Quantifying the spatiotemporal spread in humans of tick-borne diseases maintained in enzootic transmission cycles remains a major challenge. Although the distribution of infected tick-borne disease vectors has been used to map the entomological or acarological risk of Lyme disease,9,10 vector-based data sets are generally not available longitudinally (with some exceptions, including New York State11) and thus are not useful to model disease spread. Furthermore, if the outcome of interest is the geographic distribution or the incidence of human disease, vector data only partially correlate with disease cases.9,12
The patterns of Lyme disease expansion at the national level can be inferred using US Centers for Disease Control and Prevention (CDC)–compiled reported cases based on the standardized case definition approved by the Council of State and Territorial Epidemiologists.13 Surveillance for Lyme disease in the United States is based on reports submitted by laboratories and health care providers to state and local health departments.14 As stated by Nelson et al,4 “These reports provide valuable insight into the age and sex distribution of patients with [Lyme disease] and the seasonality and geographic distribution of cases, and they enable monitoring of disease trends over time.”4(p1625) Unfortunately, because of biases in diagnosis and reporting, as well as variation in surveillance practices by administrative jurisdictions, reported cases capture only a fraction of the overall frequency of Lyme disease within a population.4
Although both overreporting and underreporting occur,3,15,16 previous studies4,17,18 at the state and national level indicate that underreporting of clinically diagnosed Lyme disease is the dominant net outcome. However, Lyme disease underreporting is not uniform.
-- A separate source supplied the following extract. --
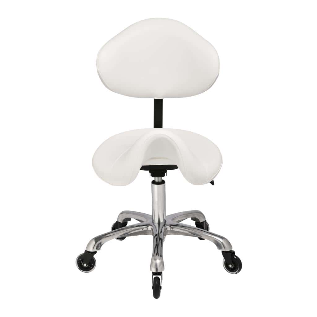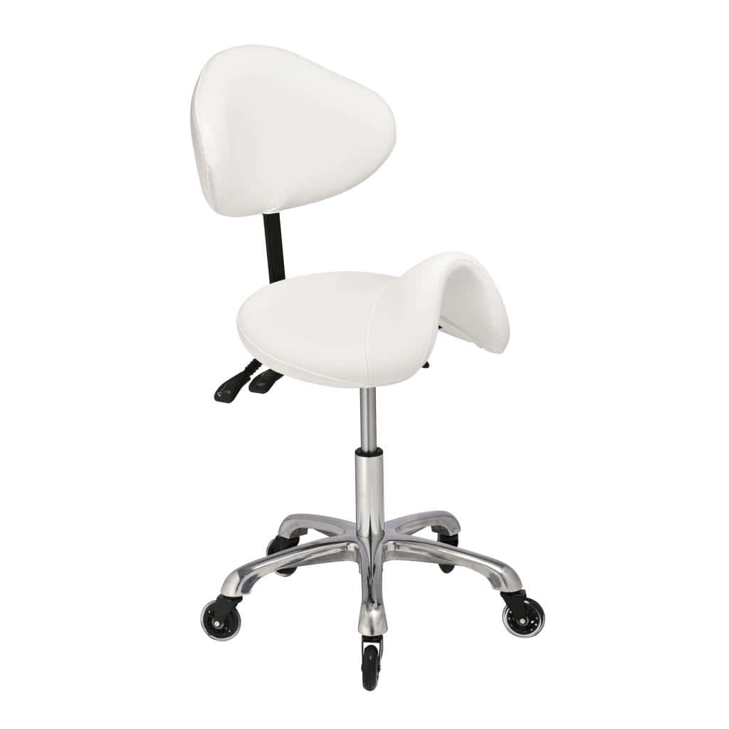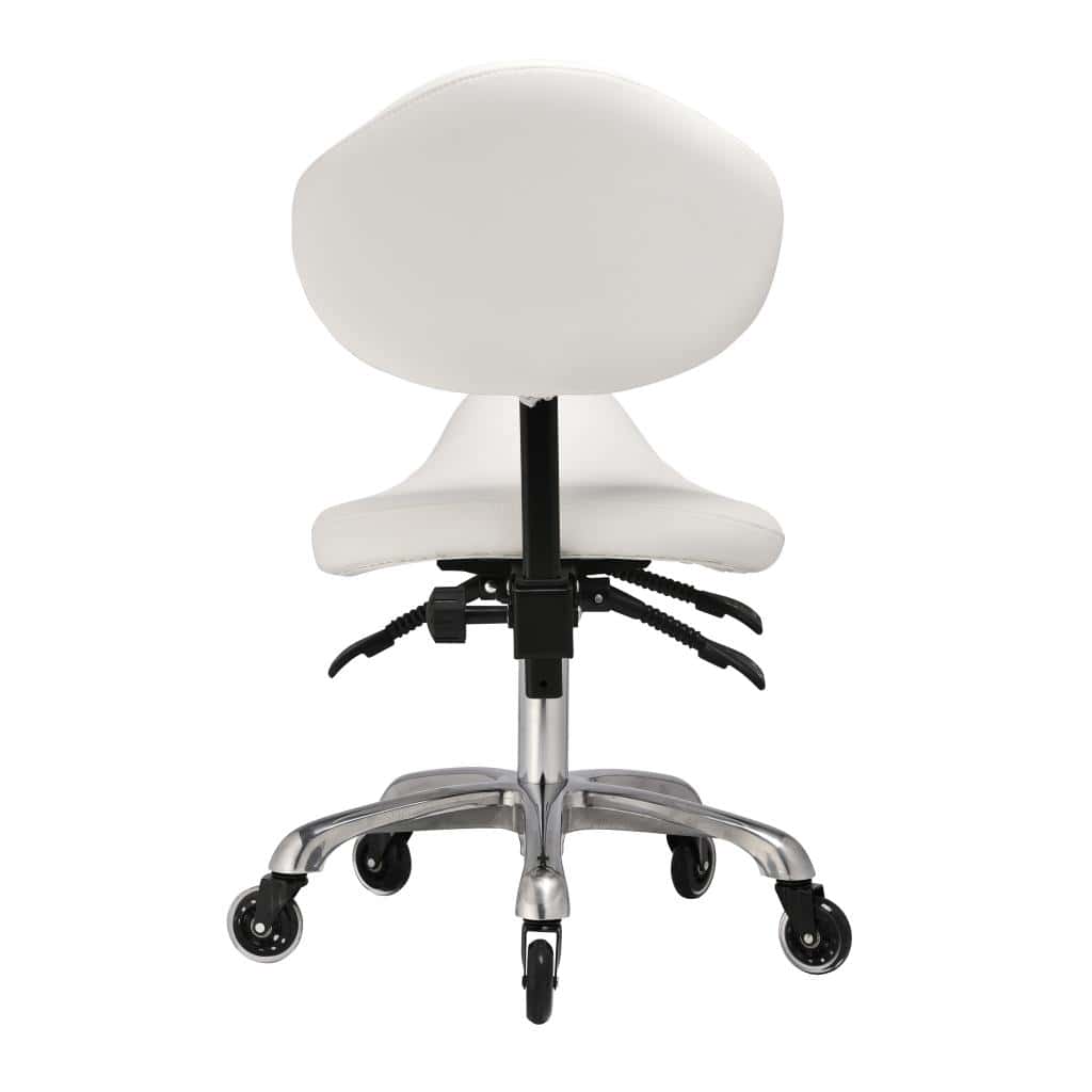 Built on a premium aluminium base for exceptional stability, the Iris features an adjustable contoured backrest and saddle-style seat that naturally align the spine and reduce lower back strain during long treatment sessions.

According to Nelson et al,4 although 96.3% of Lyme disease cases reported to the CDC between 2005 and 2010 were concentrated in the 15 highest-incidence states, 19.4% of all clinically diagnosed cases investigated occurred outside of those states, indicating that they were missed in CDC reports. Multiple factors likely lead to increased reporting in high-incidence states, including greater public and health care provider awareness. Furthermore, the fact that a history of exposure in a state or county with at least 2 reported human cases is one of the criteria for considering a Lyme disease case as confirmed may intensify this bias and result in increased underreporting in counties or states where Lyme disease is emerging. A skewed emphasis of surveillance efforts on these high-incidence states and counties may then limit the ability to identify areas of Lyme disease emergence, where misdiagnosis or late diagnosis can lead to more severe disease manifestations.19
Because no standardized nationwide tick surveillance system currently exists in the United States, there is a need to maximize information extraction from data reported by the CDC in an attempt to overcome potential biases and produce actionable public health information. Previous models of reported Lyme disease spatiotemporal patterns have been generated for New York State,18,20 the Northeast,8,18 and areas undergoing geographic expansion of the disease, such as Michigan,21 Virginia,22 Minnesota,23 Iowa,24 and Pennsylvania.19 Our study expands the geographic scope of this work to include all of the main endemic areas in the United States identified by Kugeler et al7 as high-incidence states, as well as surrounding states. In addition, a novel modeling approach is presented to describe the progression of Lyme disease at a county level by estimating the yearly probability of reporting the first case of Lyme disease in each county in the study area. This approach goes beyond describing spatiotemporal patterns of cases to focus on identifying emerging areas based on ecological factors (eg, distribution of tick vectors)8 and human behavioral factors (eg, travel history and information sharing between neighboring counties). Specifically, a time series of case-reporting data in focal and neighboring counties was constructed between January 2000 and December 2017, as well as environmental and available tick data mechanistically linked to Lyme disease risk, to estimate associations with the probability of reporting the first case of Lyme disease in disease-free counties. The analyses were conducted between January and August 2019. This approach involved a statistical regression model, the results of which were included in a diffusion model to simulate the spatiotemporal dynamics of the probability of reporting the first Lyme disease case between 2000 and 2017. By incorporating covariates associated with the underlying ecological processes contributing to the disease spread of counties and their neighbors, it was expected that our model approach would identify nonreporting counties with high probability to begin reporting Lyme disease cases in the future.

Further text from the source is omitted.